Как уходил незнакомец, я не услышала, но почему-то остро почувствовала, что мы с Миком остались наедине. Мы, и лежащие передо мной мёртвые цветы.
— А я думала, что снимать их буду только через полтора месяца на Земле, — услышала я свой голос как будто со стороны.
— Ну, слава Богу! Уже начинаешь приходить в норму. Почему ты так думала? Говори!
— В инструкции всегда пишется, что снимают их только в парикмахерских салонах.
— Там, это если профессионально и безболезненно. А если в полевых условиях, то сгодится первый попавшийся доктор и обыкновенная перекись.
— А зачем это было нужно? — задала я самый важный для себя в этот момент вопрос.
— Ты ничего странного за собой не замечаешь? — он присел перед креслом на корточки и взял мои ладони в свои руки.
Я послушно прислушалась к себе. Руки, ноги, уши, хвост — всё вроде на месте. Вот только мысли ворочаются тяжело и неохотно.
— Я очень глупая. Да?
— Да. Но это скоро пройдёт. Только надо всё время о чём-нибудь разговаривать. Вспоминать. Вот хоть расскажи, в какие игры ты в детстве играла.
Я послушно начала перечислять все свои детские игры, попутно вспоминая и любимые игрушки. Время от времени отвечала на наводящие вопросы, не позволявшие мне остановиться и замолчать.
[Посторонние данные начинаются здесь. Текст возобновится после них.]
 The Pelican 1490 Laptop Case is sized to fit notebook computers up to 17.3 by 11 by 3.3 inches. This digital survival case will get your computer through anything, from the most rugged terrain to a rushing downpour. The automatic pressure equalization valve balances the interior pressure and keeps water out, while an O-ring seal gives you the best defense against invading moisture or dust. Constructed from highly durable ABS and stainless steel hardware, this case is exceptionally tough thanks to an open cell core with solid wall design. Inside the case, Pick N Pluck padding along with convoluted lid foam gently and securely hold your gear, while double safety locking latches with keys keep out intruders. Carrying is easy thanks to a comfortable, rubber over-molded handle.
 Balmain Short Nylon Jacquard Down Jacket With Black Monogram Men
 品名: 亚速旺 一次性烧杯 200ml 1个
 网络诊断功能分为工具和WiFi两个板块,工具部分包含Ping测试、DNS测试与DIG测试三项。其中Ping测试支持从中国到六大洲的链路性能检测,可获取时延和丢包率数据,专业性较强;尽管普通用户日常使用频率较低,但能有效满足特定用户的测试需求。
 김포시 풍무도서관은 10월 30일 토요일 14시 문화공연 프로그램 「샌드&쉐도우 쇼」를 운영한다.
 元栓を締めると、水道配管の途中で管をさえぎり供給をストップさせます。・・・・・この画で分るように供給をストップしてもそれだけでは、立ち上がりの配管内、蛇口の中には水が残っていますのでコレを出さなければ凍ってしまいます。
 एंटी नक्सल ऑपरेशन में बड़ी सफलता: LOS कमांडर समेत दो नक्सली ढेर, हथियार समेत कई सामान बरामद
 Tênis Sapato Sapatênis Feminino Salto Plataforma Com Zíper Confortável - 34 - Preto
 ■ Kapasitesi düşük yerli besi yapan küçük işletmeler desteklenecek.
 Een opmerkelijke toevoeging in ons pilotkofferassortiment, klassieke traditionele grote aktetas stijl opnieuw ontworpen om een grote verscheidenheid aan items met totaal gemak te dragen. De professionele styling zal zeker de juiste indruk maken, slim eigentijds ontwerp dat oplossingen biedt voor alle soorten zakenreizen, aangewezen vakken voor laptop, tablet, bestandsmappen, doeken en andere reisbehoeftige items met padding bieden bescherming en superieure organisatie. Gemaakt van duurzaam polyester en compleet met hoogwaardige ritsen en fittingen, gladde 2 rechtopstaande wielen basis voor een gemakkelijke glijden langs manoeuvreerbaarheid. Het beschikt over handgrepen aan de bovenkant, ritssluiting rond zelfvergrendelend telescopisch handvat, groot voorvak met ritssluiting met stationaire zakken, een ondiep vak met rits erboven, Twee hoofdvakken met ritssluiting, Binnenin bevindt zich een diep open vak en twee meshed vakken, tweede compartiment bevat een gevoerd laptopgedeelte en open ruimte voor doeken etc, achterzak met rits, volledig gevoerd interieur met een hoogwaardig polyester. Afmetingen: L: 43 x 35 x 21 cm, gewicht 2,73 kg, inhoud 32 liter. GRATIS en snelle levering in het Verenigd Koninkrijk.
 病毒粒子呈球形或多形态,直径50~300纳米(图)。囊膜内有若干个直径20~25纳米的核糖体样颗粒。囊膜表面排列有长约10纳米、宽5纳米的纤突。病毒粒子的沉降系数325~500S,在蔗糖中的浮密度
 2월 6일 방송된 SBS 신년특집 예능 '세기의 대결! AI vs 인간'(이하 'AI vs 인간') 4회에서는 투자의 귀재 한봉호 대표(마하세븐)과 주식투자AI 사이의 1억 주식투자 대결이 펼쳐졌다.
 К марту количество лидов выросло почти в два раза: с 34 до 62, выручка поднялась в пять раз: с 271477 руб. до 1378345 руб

Пелена спокойствия и безразличия, окутывавшая моё сознание становилась всё тоньше и тоньше, пока не исчезла совсем.
— Так, подожди, я ничего не понимаю. Почему мы сидим здесь и разговариваем о всяких глупостях? И что со мной было? Что вообще происходит? — начинала я почти спокойно, но под конец в моём голосе начала проскальзывать откровенная паника.
— На последний вопрос я, пожалуй не отвечу, а что касается всего остального… расскажу, если ты мне поможешь и ещё кое-что вспомнишь, — Мика по-прежнему сидел на корточках, глядя на меня снизу вверх. На его симпатичной смуглой физиономии было нарисовано неподдельное сочувствие. (И как только за это время ноги не затекли? Ну вот, опять посторонние мысли в голову полезли!)
— Спрашивай, — я решительно кивнула.
— Откуда к тебе попали эти цветы?
— Пришли по почте.
— От кого?
— Я подозревала, что от тебя.
— То есть как это? У тебя были причины так думать?
— В последнее время мне приходят по почте то открытки, то мелкие сувениры. И началось это как раз в то время, как мы начали встречаться.
— Нет, я ничего не посылал, — он только теперь выпустил мои руки, и уселся на задницу, прямо на пол, удобно скрестив ноги.
— Это ты к тому, что в моём временном отупении виноваты эти цветочки? — я с неприязнью на них покосилась, свернувшиеся крупными кольцами стебли теперь напомнили мне затаившихся змей.